A novel metric for assessing climatological surface habitability

TL;DR

This paper introduces a new climate habitability metric based on Earth's observed life limits, improving the assessment of potential life-supporting conditions on exoplanets beyond traditional temperature-based measures.

Contribution

It develops and validates a novel habitability metric incorporating thermal and water flux limits, expanding the scope beyond binary habitability definitions.

Findings

Temperature alone does not fully capture habitability patterns.

The new metric better aligns with observed Earth's habitability distribution.

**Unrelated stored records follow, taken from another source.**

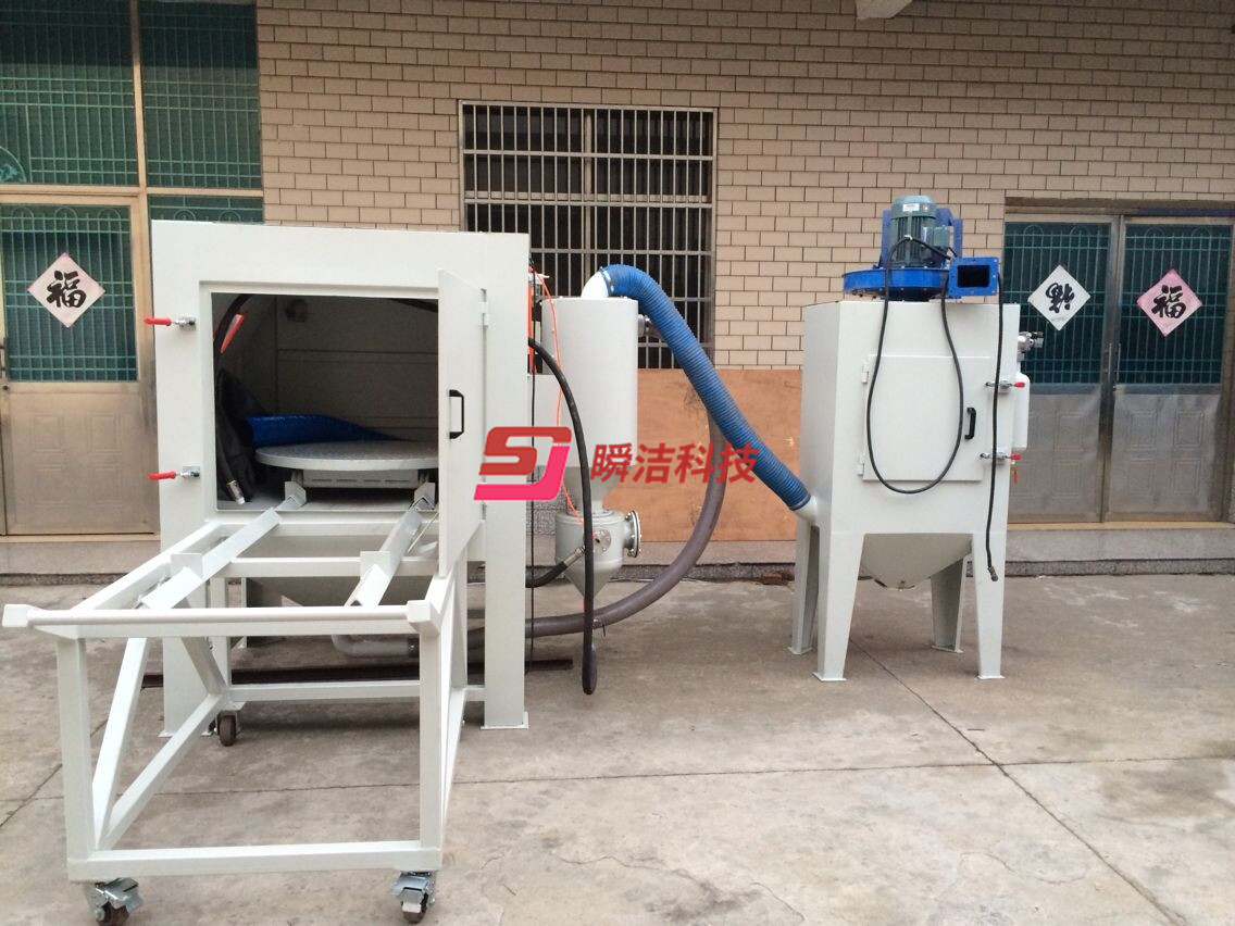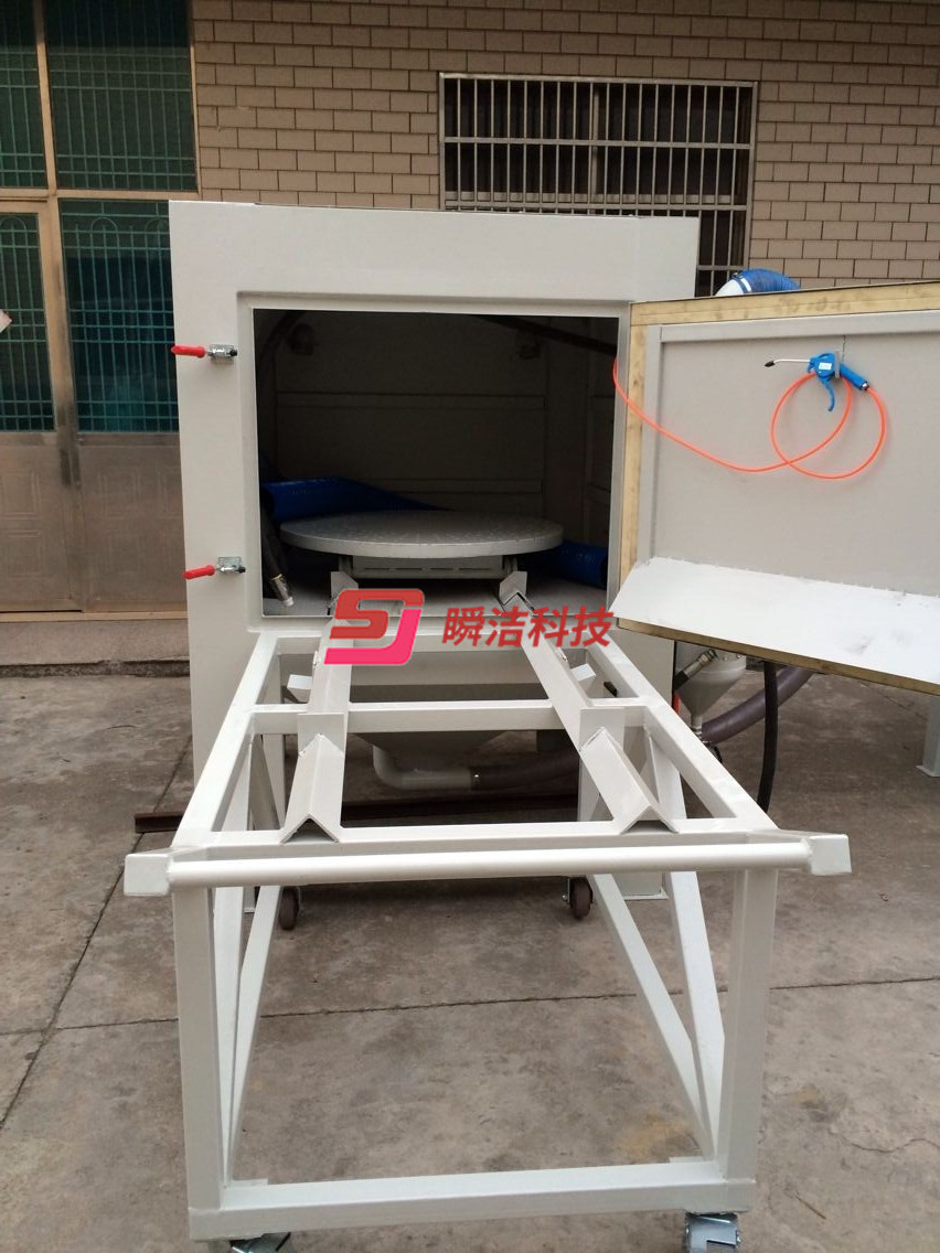 3、配備活動臺車,和轉(zhuǎn)盤,操作時將工件放在轉(zhuǎn)盤上,然后推入機內(nèi)即可噴砂作業(yè),操作簡單省力。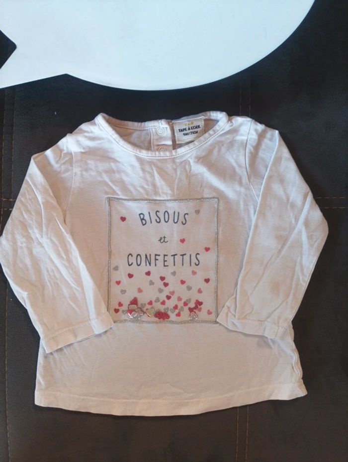 Tee shirt chemise manches longues Fille 9 mois bisous et confettis Cœur Tao - photo numéro 1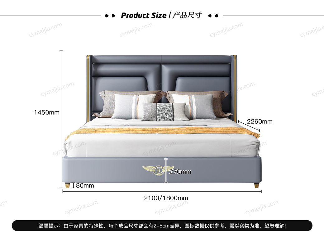 | 产品材质 : | 头层黄牛皮(接触面)+仿真皮(非接触面)+实木(床侧)+10公分松木排骨架 |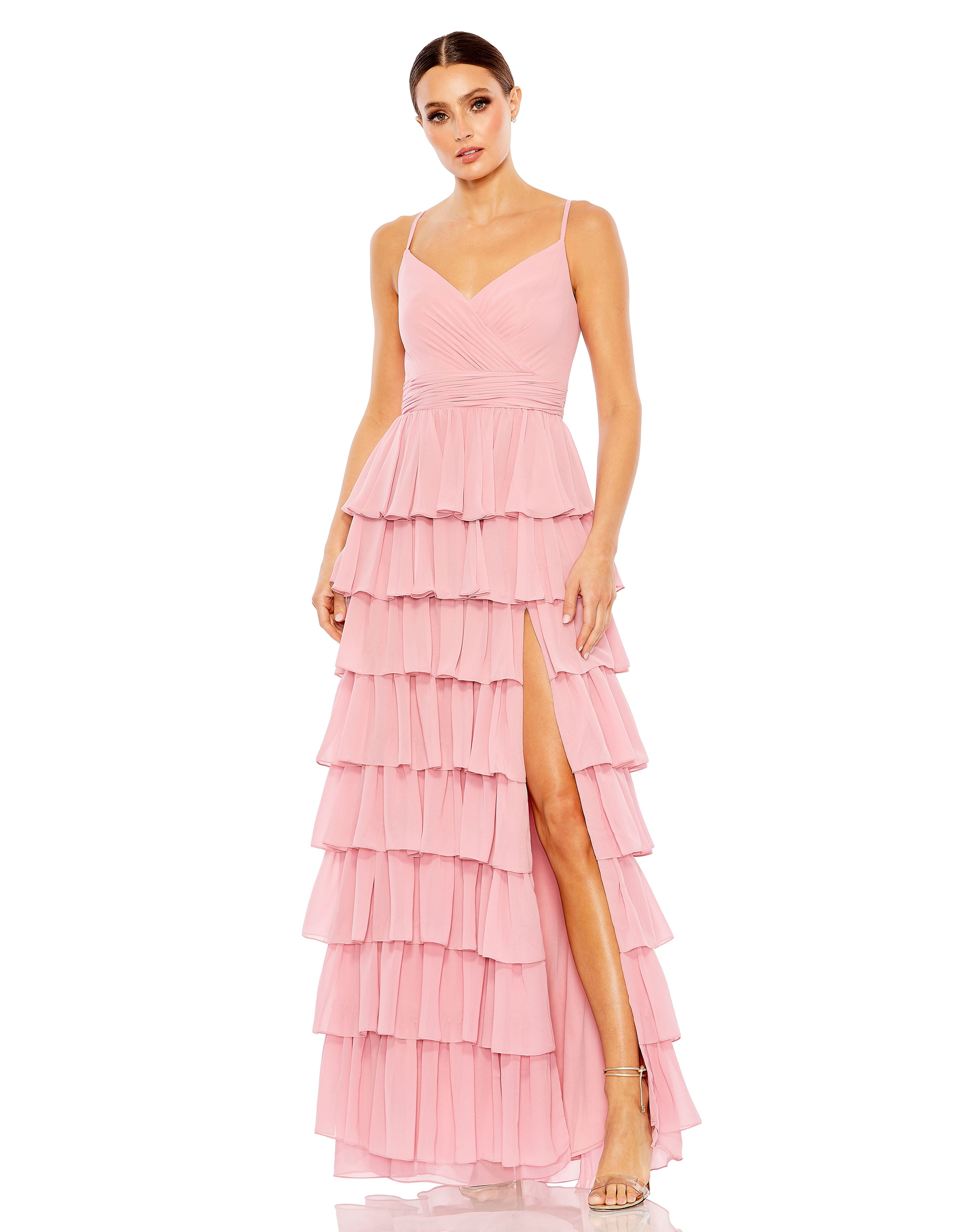 | Details: | Chiffon, Spaghetti Straps, Surplice Bodice, V-Open Back, Zipper Closure, Ruffled Tiers, High Slit, Full Length Hem |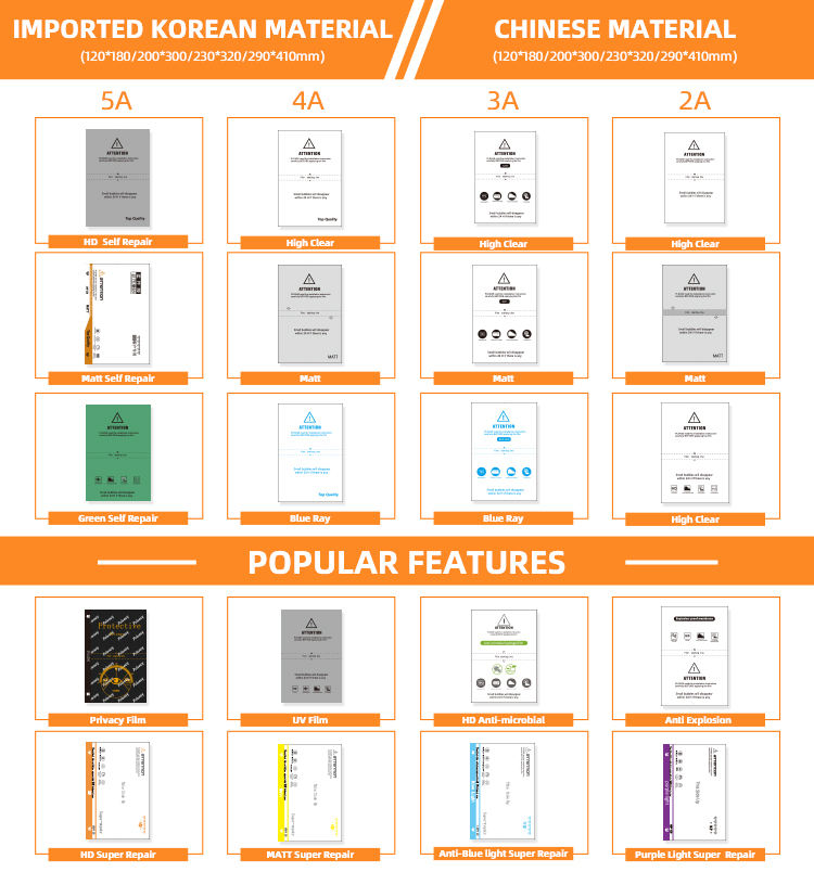 Anti-Scratch, Anti-huella digital, Anti-explosión, Anti-espía, Transparente, Anti shock, La pegamento, Resistente a la suciedad, La cobertura completa, Anti-aceite de, Anti-glare, Impermeable, Ultrafino, Libre de burbujas, HD claroFunción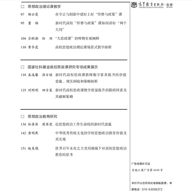 公司刘明明教授在《思想理论教育导刊》发表文章《新时代高校思政课教学质量提升的阻碍因素及其破解策略》。文章认为,提升高校思政课教学质量是落实立德树人根本任务的关键举措,它直接关乎社会主义事业合格建设者和可靠接班人的培养。党的十八大以来,党和国家高度重视高校思政课建设,思政课建设环境得到全面改善,思政课教师队伍建设实现跨越式发展,在全社会凝聚起提升高校思政课质量的广泛共识。然而,高校思政课教学质量与国家、人民和老员工的期待仍有一定距离。从成因上而言,教师队伍高质量发展不充分、员工主体性发挥不彻底、管理部门聚焦立德树人主责主业不充足以及错误社会思潮的侵染等构成高校思政课教学质量进一步提升的制约因素。在准确剖析阻碍因素的基础上,提升高校思政课教学质量必须相应地从打造高素质思政课教师队伍、激发员工主体性、提高管理部门履责能力、营造良好社会氛围等四个方面着手,构筑提升高校思政课教学质量的强大合力。

Incorporating water fluxes improves habitability assessment accuracy.

Abstract

Planetary surface habitability has so far been considered, in the main, upon a global scale. The increasing number of 3D modelling studies of (exo)planetary climate has highlighted the need for a more nuanced understanding of surface habitability. Using satellite-derived data of photosynthetic life to represent the observed surface habitability of modern Earth, we validate a set of climatologically-defined metrics previously used in habitability studies. The comparison finds that the metrics defined by surface temperature alone show spatial patterns of habitability distinct to those defined by aridity or water availability, with no metric able to completely replicate the observed habitability. We build upon these results to introduce a new metric defined by the observed thermal limits of modern Earth-based life, along with surface water fluxes as an analogue for water and nutrient availability. Furthermore, we pay attention to not only the thermal bounds of macroscopic complex life, but additionally the limits of microbial life which have been vital to the generation of Earth's biosignatures, thus expanding considerations of climatic habitability out of a historically binary definition. Repeating the validation for our metric, along with another which uses a similar definition that incorporates conditions for both temperature and water availability, shows a significant improvement in capturing the broad patterns of surface habitability, laying the groundwork for more comprehensive assessments of potential life-supporting climates upon other planets.